EXERCISE MATERIALS START

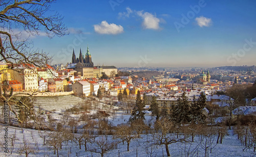 © Simone, Fototapeta premium Prag, Blick vom Petrin auf die Burg, Moldau und Altstadt
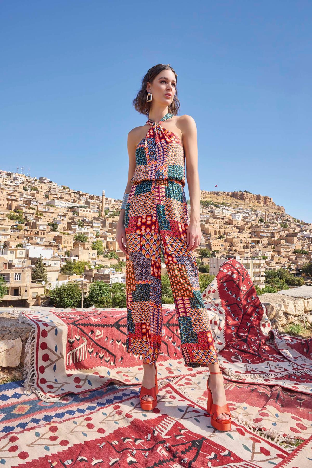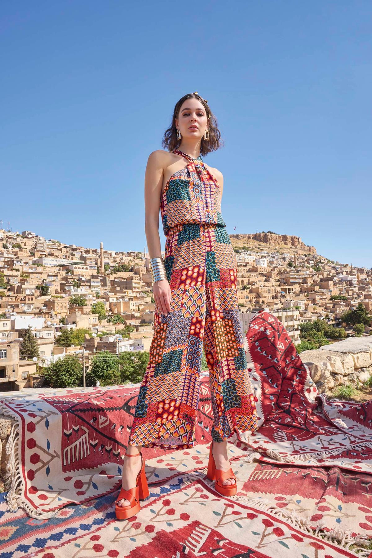 Tulum: Etnik desenlidir, * yakalıdır, dokuma kumaştır.
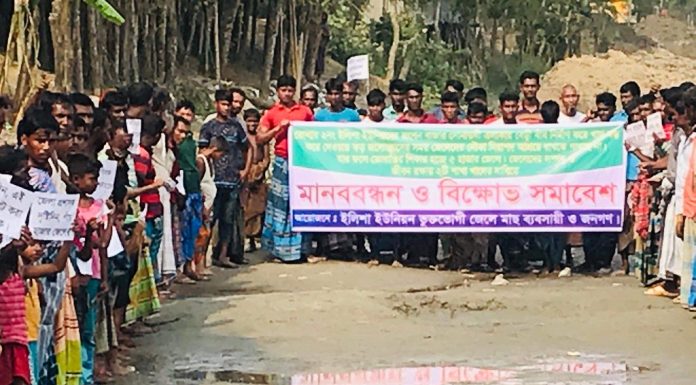 ভোলা নিউজ২৪ডটনেট।। ভোলা সদরের ইলিশা ইউনিয়নের জংশন বাজারের সোনাডগী এলাকায় বেড়ী বাঁধ নির্মাণ করার খাল বন্ধ হওয়ার কারণে ঝড় জলোচ্ছ্বাসের সময় জেলেদের নৌকা ও ট্রলার খালে নিরাপাদ আশ্রয়ে রাখতে পারছেন না। এতে ভোগান্তিতে পরেছে প্রায় ১০ হাজার জেলে। তাই জেলেদের সম্পদ ও জীবন রক্ষার ২ টি শাখা খালের দাবীতে বিক্ষোভ সমাবেশ ও মানববন্ধন অনুষ্ঠিত হয়েছে।
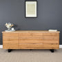 The Peninsula Buffet 220cm L is a refined storage unit that combines rustic charm with modern design, perfect for enhancing dining rooms or living spaces. Crafted from solid Wormy Chestnut timber veneer, it highlights the unique natural grain and earthy tones of the wood. This spacious buffet features three large cupboards and three deep drawers, providing versatile storage for dinnerware, cutlery, or household items. Supported by sturdy black metal legs, it offers stability while adding a subtle industrial edge. Its clean-lined rectangular design ensures timeless appeal, making it a statement piece for any contemporary or rustic interior.
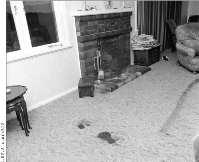 (客厅壁炉旁的血迹 摄于1970年6月22日)
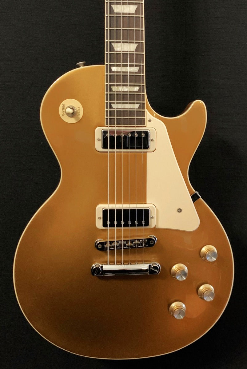 Gold Top, Gloss nitrocellulose lacquer finish, Maple top on a solid Mahogany body, Rounded C shaped Mahogany neck, Bound 12” radius Indian Rosewood fingerboard with the acrylic trapezoid inlays and medium jumbo frets, 24.75” scale length, 1.7″ nut width, Mini humbucking bridge and neck pickups, 3-way toggle switching with the volume and tone controls for each pickup, Tune-o-matic bridge and aluminum stopbar tailpiece, Gibson deluxe tuners, 9.2 pounds, With hardshell case
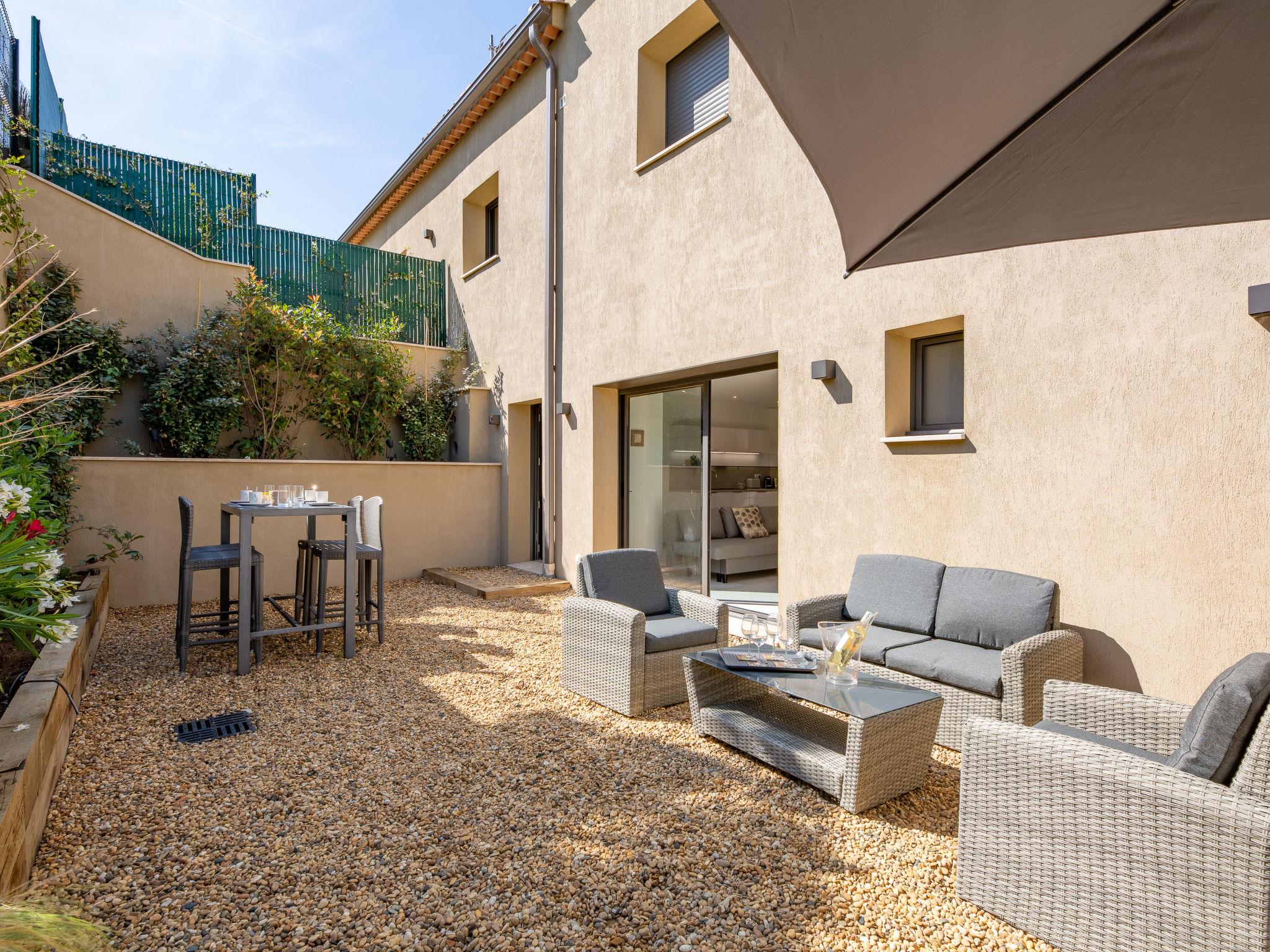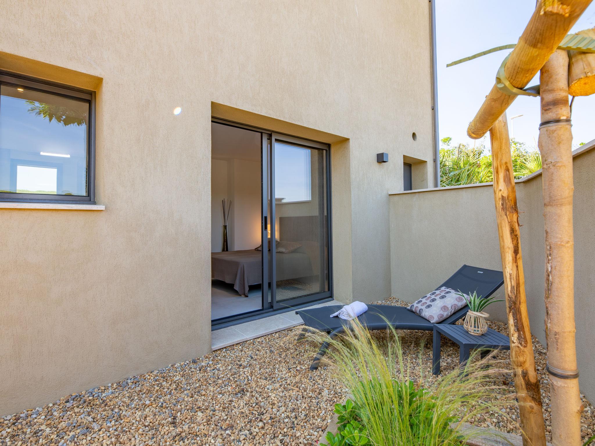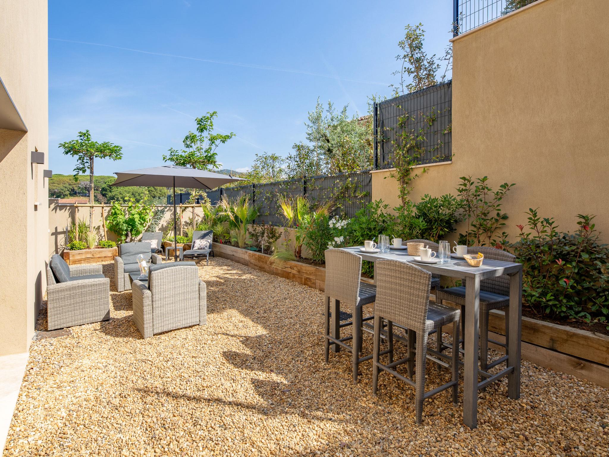 Modern semi-detached house "Akemi", renovated in 2024. In the district of Bouillonnet, on the outskirts, 800 m from the centre of Sainte-Maxime, in a quiet position in the residential district, 1.3 km from the sea, 1.3 km from the beach, in a cul-de-sac. Private: well-kept garden (fenced) wildlife garden and trees. Grocery 1 km, restaurant 1.2 km, 12 minute walk to the centre, bus stop 550 m, sandy beach "centre" 1.3 km, thermal baths "Thalasso Spa des Issambres" 7 km. Sports harbour 1.5 km, golf course (18 hole) 5 km, tennis 3 km. Nearby attractions: Aqualand water parc 3 km, Navette / shuttle boat St-Tropez 15min 2 km, Port Grimaud 12 km, St Tropez / Ramatuelle 16 km, Gorges du Verdon 80 km. Hiking paths: Massif des Maures 1 km, Massif de l'Esterel 20 km. Please note: the keys‘ handover takes place by the agency Interhome in Sainte Maxime, 2 km. Property ref. FR8480.338.1 is situated on the same property.

EXERCISE MATERIALS END

* WHAT YOU HAVE TO DO *
Copy all the lines of data exactly as they appear, dropping any images.

* RESPONSE TO THIS EXERCISE *
 © Simone, Fototapeta premium Prag, Blick vom Petrin auf die Burg, Moldau und Altstadt
 Tulum: Etnik desenlidir, * yakalıdır, dokuma kumaştır.
 ভোলা নিউজ২৪ডটনেট।। ভোলা সদরের ইলিশা ইউনিয়নের জংশন বাজারের সোনাডগী এলাকায় বেড়ী বাঁধ নির্মাণ করার খাল বন্ধ হওয়ার কারণে ঝড় জলোচ্ছ্বাসের সময় জেলেদের নৌকা ও ট্রলার খালে নিরাপাদ আশ্রয়ে রাখতে পারছেন না। এতে ভোগান্তিতে পরেছে প্রায় ১০ হাজার জেলে। তাই জেলেদের সম্পদ ও জীবন রক্ষার ২ টি শাখা খালের দাবীতে বিক্ষোভ সমাবেশ ও মানববন্ধন অনুষ্ঠিত হয়েছে।
 The Peninsula Buffet 220cm L is a refined storage unit that combines rustic charm with modern design, perfect for enhancing dining rooms or living spaces. Crafted from solid Wormy Chestnut timber veneer, it highlights the unique natural grain and earthy tones of the wood. This spacious buffet features three large cupboards and three deep drawers, providing versatile storage for dinnerware, cutlery, or household items. Supported by sturdy black metal legs, it offers stability while adding a subtle industrial edge. Its clean-lined rectangular design ensures timeless appeal, making it a statement piece for any contemporary or rustic interior.
 (客厅壁炉旁的血迹 摄于1970年6月22日)
 Gold Top, Gloss nitrocellulose lacquer finish, Maple top on a solid Mahogany body, Rounded C shaped Mahogany neck, Bound 12” radius Indian Rosewood fingerboard with the acrylic trapezoid inlays and medium jumbo frets, 24.75” scale length, 1.7″ nut width, Mini humbucking bridge and neck pickups, 3-way toggle switching with the volume and tone controls for each pickup, Tune-o-matic bridge and aluminum stopbar tailpiece, Gibson deluxe tuners, 9.2 pounds, With hardshell case
 Modern semi-detached house "Akemi", renovated in 2024. In the district of Bouillonnet, on the outskirts, 800 m from the centre of Sainte-Maxime, in a quiet position in the residential district, 1.3 km from the sea, 1.3 km from the beach, in a cul-de-sac. Private: well-kept garden (fenced) wildlife garden and trees. Grocery 1 km, restaurant 1.2 km, 12 minute walk to the centre, bus stop 550 m, sandy beach "centre" 1.3 km, thermal baths "Thalasso Spa des Issambres" 7 km. Sports harbour 1.5 km, golf course (18 hole) 5 km, tennis 3 km. Nearby attractions: Aqualand water parc 3 km, Navette / shuttle boat St-Tropez 15min 2 km, Port Grimaud 12 km, St Tropez / Ramatuelle 16 km, Gorges du Verdon 80 km. Hiking paths: Massif des Maures 1 km, Massif de l'Esterel 20 km. Please note: the keys‘ handover takes place by the agency Interhome in Sainte Maxime, 2 km. Property ref. FR8480.338.1 is situated on the same property.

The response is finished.